* [Problem requirements]
Without the images, repeat every line of the listing verbatim.

* [Supplied data]

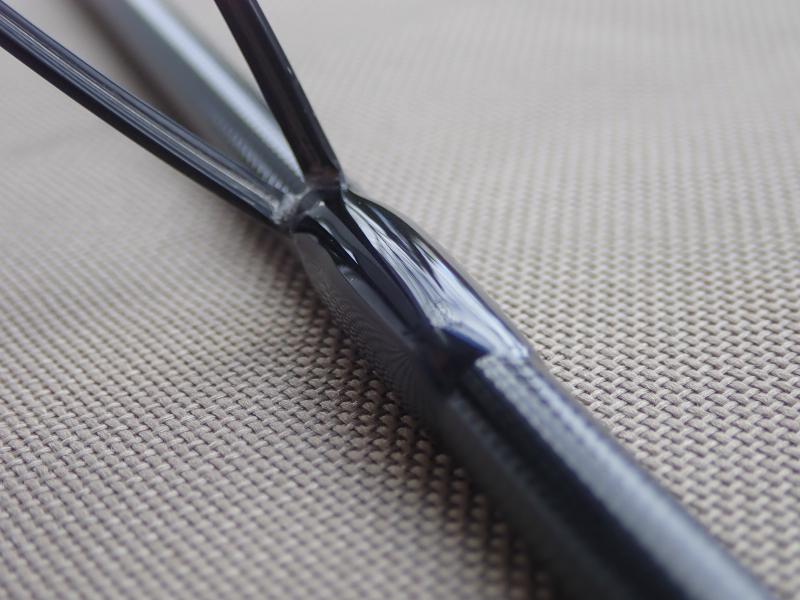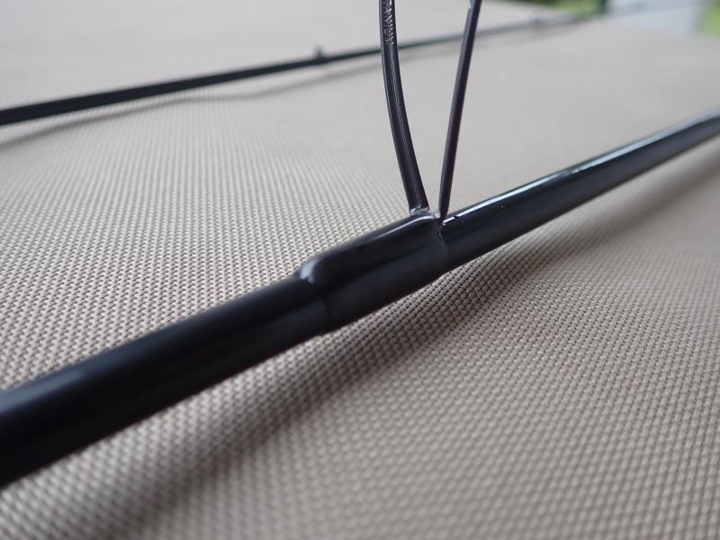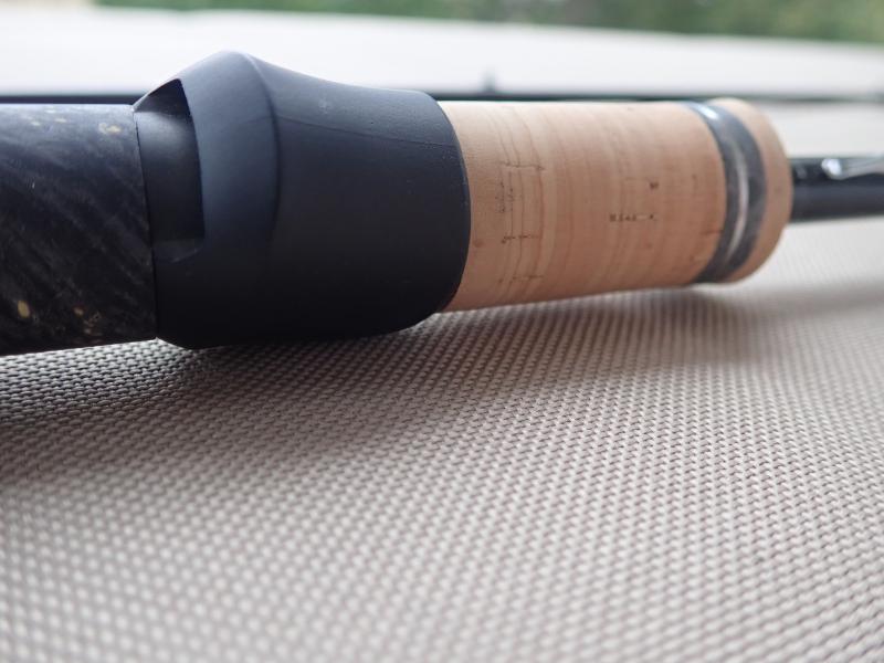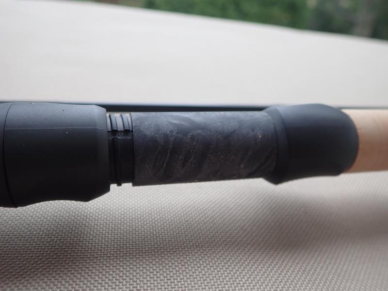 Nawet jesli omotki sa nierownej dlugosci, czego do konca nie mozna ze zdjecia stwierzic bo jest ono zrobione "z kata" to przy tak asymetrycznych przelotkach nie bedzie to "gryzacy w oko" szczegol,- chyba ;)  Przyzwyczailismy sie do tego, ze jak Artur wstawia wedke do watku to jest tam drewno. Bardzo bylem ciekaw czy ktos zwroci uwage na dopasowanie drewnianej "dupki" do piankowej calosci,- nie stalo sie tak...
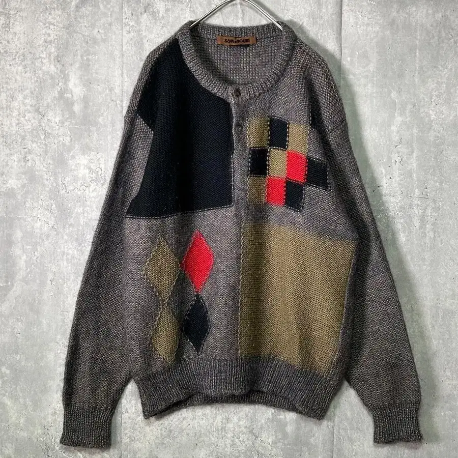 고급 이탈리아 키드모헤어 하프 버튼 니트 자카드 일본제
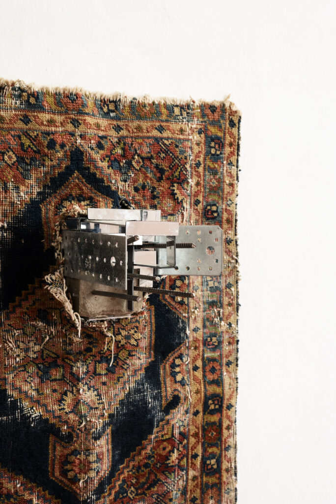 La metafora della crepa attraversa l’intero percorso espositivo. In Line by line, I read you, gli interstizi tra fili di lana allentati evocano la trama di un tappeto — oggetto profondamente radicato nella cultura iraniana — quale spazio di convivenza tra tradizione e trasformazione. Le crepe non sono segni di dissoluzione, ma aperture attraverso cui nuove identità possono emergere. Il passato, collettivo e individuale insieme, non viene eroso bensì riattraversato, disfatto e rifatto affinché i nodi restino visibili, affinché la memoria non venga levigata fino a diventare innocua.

* [Result of the task]
 Nawet jesli omotki sa nierownej dlugosci, czego do konca nie mozna ze zdjecia stwierzic bo jest ono zrobione "z kata" to przy tak asymetrycznych przelotkach nie bedzie to "gryzacy w oko" szczegol,- chyba ;)  Przyzwyczailismy sie do tego, ze jak Artur wstawia wedke do watku to jest tam drewno. Bardzo bylem ciekaw czy ktos zwroci uwage na dopasowanie drewnianej "dupki" do piankowej calosci,- nie stalo sie tak...
 고급 이탈리아 키드모헤어 하프 버튼 니트 자카드 일본제
 La metafora della crepa attraversa l’intero percorso espositivo. In Line by line, I read you, gli interstizi tra fili di lana allentati evocano la trama di un tappeto — oggetto profondamente radicato nella cultura iraniana — quale spazio di convivenza tra tradizione e trasformazione. Le crepe non sono segni di dissoluzione, ma aperture attraverso cui nuove identità possono emergere. Il passato, collettivo e individuale insieme, non viene eroso bensì riattraversato, disfatto e rifatto affinché i nodi restino visibili, affinché la memoria non venga levigata fino a diventare innocua.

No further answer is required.